In general I agree with the preceding - except the last sentence. While
the programmer might have some difficulty figuring out where something
is defined, the compiler will do it successfully - or throw an error and
exit.

Somewhere you mentioned assuming that sizeof(int)==sizeof(float).

It might be true on your machine, but not on the machine someone else
wants to run your program on.

It might also be dependent on the exact representation of int and
float on a machine, including endianness.

In the specific application a data file consisting of about 100 types of
records is read into a char buffer in memory, and that is traversed
record by record using a (char *) pointer. In all instances the
structure corresponding to each record is known when the compiler does
its work. The code is basically just this sort of thing:

char *cptr;
...processing input in a loop ...
COMMON_PREFIX *pre = (COMMON_PREFIX *)cptr;
switch (pre->type){
... other cases ...
case RECORDTYPE32:
{
RTYPE32 *prec = (RTYPE32 *) cptr;
// access fields via prec structure
break;
}
... other cases ...
}
cptr += pre->recordsize;

Often enough, I am lazy, know it only needs to work on one specific
machine, and just do it.

where the structures for COMMON_PREFIX and RTYPE32 and the value for
RECORDTYPE32 will not change at run time. In this context, I just do
not see see how the C style casts are in any way more dangerous than the
C++ style casts. The only major complication in this approach concerns
the proper alignment of the structs, and both types of casts will have
the same issues with that.

The way to get around alignment is to memcpy() to/from appropriately
aligned fields. It takes a little more work, but can sometimes be
automated. There is, for example XDR which is designed specifically
for transfering data between dissimilar machines.

-- glen

James Kuyper · Mar 19, 2013

In general I agree with the preceding - except the last sentence. While
the programmer might have some difficulty figuring out where something
is defined, the compiler will do it successfully - or throw an error and
exit.

I was thinking primarily about the human difficulties, not the computer
ones, and not all of the mistakes that can be made by humans due to
being unsure of a data type result in situations where a diagnostic is
required. For instance, a typedef for an unsigned type that might or
might not be smaller than 'int', depending upon which platform it's
compiled on, could leave a programmer uncertain whether the usual
arithmetic conversions will cause a given expression to be evaluated
using signed or unsigned arithmetic. There's no guarantee that making a
mistake about that issue will result in code for which a diagnostic is
required. Using the size-named types that were introduced in C99 is
another potential source for similar uncertainties.

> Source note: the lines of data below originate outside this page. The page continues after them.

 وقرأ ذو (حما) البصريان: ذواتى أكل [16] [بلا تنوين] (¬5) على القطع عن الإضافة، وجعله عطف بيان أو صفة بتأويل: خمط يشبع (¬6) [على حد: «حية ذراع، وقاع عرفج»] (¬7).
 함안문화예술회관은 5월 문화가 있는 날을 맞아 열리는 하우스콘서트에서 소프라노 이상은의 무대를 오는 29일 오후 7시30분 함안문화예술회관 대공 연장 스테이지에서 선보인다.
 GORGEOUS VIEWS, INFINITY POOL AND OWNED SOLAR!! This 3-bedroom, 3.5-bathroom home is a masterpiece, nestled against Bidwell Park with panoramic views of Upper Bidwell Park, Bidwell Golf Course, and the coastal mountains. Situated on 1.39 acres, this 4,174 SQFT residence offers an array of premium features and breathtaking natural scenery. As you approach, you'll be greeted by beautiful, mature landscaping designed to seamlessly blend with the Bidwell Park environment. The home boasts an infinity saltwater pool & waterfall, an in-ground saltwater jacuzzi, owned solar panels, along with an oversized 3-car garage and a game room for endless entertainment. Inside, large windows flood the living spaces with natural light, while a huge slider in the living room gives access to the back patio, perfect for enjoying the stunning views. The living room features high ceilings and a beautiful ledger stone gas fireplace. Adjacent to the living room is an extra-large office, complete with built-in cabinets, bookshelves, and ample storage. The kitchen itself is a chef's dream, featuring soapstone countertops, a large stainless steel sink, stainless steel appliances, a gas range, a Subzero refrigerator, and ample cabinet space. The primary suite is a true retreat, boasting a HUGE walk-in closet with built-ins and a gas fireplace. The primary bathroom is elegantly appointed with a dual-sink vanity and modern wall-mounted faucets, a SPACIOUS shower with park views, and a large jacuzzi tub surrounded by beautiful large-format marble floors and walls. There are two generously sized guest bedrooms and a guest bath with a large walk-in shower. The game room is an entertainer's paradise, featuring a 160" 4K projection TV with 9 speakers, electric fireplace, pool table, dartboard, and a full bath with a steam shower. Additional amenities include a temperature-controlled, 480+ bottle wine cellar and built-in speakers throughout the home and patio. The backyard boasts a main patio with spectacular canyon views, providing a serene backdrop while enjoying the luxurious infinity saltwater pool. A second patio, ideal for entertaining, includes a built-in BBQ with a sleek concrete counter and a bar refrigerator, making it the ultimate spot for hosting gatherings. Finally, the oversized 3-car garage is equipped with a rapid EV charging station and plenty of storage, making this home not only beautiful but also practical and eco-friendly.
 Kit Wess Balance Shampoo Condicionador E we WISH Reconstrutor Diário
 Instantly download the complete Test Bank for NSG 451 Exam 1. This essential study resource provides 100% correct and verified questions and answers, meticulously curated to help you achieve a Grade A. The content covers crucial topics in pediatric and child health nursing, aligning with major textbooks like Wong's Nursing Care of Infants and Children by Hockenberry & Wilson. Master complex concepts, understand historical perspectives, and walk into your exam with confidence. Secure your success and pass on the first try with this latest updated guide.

In the specific application a data file consisting of about 100 types of
records is read into a char buffer in memory, and that is traversed
record by record using a (char *) pointer. In all instances the
structure corresponding to each record is known when the compiler does
its work. The code is basically just this sort of thing:

char *cptr;
...processing input in a loop ...
COMMON_PREFIX *pre = (COMMON_PREFIX *)cptr;

Well-motivated and widely followed coding conventions reserve names in
all caps for macros; but the context suggests that COMMON_PREFIX should
instead be a typedef.

switch (pre->type){
... other cases ...
case RECORDTYPE32:
{
RTYPE32 *prec = (RTYPE32 *) cptr;

A lot of potential problems with such code become less clear when the
relationship between COMMON_PREFIX an RTYPE32 is unknown.

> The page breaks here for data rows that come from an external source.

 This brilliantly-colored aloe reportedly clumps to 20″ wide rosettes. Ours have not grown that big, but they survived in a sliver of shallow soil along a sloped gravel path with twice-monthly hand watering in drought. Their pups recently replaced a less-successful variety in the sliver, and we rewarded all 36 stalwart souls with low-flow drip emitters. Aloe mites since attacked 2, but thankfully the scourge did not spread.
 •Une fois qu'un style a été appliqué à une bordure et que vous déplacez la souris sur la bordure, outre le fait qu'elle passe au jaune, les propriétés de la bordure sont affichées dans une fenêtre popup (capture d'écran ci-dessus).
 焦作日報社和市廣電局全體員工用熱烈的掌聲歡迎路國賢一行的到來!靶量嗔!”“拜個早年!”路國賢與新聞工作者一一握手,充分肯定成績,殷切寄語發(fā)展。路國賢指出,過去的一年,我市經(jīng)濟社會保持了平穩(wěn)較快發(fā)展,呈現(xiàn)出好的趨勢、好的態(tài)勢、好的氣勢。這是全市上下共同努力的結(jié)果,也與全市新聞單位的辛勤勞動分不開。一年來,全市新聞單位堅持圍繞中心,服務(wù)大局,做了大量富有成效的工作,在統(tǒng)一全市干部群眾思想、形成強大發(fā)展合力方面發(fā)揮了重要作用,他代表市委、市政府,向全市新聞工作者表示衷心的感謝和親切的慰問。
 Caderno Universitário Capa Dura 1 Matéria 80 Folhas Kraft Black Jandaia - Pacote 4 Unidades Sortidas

// access fields via prec structure
break;
}
... other cases ...
}
cptr += pre->recordsize;

where the structures for COMMON_PREFIX and RTYPE32 and the value for
RECORDTYPE32 will not change at run time. In this context, I just do
not see see how the C style casts are in any way more dangerous than the
C++ style casts. The only major complication in this approach concerns
the proper alignment of the structs, and both types of casts will have
the same issues with that.

I'd wondered in your previous message why you were talking so much about
C++ in a newsgroup devoted to C, but the reason seemed to be that a
discussion in a C++ context got you thinking about a C. That explanation
is getting harder to accept - it looks to me like your primary interest
is C-style casts vs. C++ casts, an issue that can only matter in a C++
context. If that's that case, it really belongs on a C++ newsgroup,
where more people are better qualified to discuss the issue.

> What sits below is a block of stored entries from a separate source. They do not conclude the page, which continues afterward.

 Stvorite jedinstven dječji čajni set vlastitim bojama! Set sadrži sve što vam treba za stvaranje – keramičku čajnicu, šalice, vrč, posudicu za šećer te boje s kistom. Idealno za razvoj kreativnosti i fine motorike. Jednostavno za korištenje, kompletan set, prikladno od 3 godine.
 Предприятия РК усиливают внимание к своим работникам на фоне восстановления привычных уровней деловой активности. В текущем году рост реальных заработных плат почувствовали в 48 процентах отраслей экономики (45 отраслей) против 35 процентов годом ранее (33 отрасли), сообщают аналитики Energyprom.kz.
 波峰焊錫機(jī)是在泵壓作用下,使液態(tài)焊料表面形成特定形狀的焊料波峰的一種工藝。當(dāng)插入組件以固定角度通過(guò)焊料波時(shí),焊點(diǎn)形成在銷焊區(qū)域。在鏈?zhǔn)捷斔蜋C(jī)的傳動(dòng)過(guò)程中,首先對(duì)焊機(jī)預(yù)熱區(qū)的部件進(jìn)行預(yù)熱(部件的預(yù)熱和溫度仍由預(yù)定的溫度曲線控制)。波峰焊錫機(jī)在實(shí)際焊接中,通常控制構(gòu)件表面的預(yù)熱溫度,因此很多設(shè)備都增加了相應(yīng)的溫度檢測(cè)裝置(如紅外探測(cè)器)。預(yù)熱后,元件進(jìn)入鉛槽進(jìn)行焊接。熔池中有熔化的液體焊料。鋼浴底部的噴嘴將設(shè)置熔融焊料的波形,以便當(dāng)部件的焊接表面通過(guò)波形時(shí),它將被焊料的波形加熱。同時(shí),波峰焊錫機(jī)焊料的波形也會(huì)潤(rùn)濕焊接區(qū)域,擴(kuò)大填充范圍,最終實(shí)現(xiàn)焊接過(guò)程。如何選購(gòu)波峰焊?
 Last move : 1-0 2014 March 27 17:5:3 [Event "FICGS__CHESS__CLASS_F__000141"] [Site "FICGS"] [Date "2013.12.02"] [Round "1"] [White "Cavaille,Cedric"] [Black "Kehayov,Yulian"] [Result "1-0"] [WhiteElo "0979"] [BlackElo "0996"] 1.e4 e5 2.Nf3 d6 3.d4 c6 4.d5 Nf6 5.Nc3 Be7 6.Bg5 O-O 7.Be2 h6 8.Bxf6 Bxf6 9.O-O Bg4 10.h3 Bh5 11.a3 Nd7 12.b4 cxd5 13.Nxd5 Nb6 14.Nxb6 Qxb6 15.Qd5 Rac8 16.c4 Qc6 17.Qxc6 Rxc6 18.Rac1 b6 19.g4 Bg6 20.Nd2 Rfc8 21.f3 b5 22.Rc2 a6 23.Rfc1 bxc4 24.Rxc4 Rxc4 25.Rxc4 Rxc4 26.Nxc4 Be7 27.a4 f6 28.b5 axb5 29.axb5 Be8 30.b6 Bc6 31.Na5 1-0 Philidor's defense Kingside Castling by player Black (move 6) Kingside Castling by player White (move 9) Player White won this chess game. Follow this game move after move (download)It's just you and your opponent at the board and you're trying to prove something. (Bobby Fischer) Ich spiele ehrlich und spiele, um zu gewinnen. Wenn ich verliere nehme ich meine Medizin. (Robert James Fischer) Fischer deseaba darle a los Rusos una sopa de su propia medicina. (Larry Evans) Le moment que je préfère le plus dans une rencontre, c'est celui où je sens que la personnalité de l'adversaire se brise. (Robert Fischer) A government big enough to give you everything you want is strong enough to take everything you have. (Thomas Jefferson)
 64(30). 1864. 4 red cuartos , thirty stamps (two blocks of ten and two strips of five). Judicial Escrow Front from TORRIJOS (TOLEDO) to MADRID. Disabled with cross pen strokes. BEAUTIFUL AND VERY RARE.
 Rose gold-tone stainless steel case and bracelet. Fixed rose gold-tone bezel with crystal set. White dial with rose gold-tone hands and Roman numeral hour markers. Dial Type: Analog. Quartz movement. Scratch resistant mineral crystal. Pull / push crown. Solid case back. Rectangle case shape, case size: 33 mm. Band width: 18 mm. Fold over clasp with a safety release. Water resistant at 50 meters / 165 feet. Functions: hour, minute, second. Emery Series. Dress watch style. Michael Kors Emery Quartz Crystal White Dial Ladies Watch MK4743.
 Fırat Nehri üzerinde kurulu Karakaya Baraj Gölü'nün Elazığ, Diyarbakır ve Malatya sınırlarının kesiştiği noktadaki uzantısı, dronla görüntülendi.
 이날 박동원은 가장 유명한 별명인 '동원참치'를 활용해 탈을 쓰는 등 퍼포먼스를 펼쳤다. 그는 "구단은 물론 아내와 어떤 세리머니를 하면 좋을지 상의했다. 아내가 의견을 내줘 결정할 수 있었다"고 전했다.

Without knowing anything about the nature of COMMON_PREFIX and RTYPE32,
I can't be sure, but this looks to me a lot like something that, in C++,
would be better handled by type derivation and virtual member functions,
rather than type codes and switch statements. It's a lot more type safe
that way, and avoiding that cast is a key part of the reason why.

Tim Rentsch · Mar 19, 2013

mathog said:
{ Introductory material, skip down to the end bracket if you don't
care how I got onto this subject.

I have recently been taking some heat for using constructs like this:

float some_float;
/* code sets some_float */
int i = (int) round(some_float);

in C++ code. Some programmers claim that if it is not rewritten as

int i = static_cast<int> round(some_float);

the sky will fall. So far none of the folks claiming this
have actually presented an example where using C style casts on these
sorts of simple data types actually does something unexpected. They
have a point where inheritance is involved, but there is none of that
in the code in question. I like () better here because it doesn't
waste 11 characters on every cast, which becomes a factor if more than
one cast must fit on the same line.
}

(For everything below here assume that float and int are the same size.)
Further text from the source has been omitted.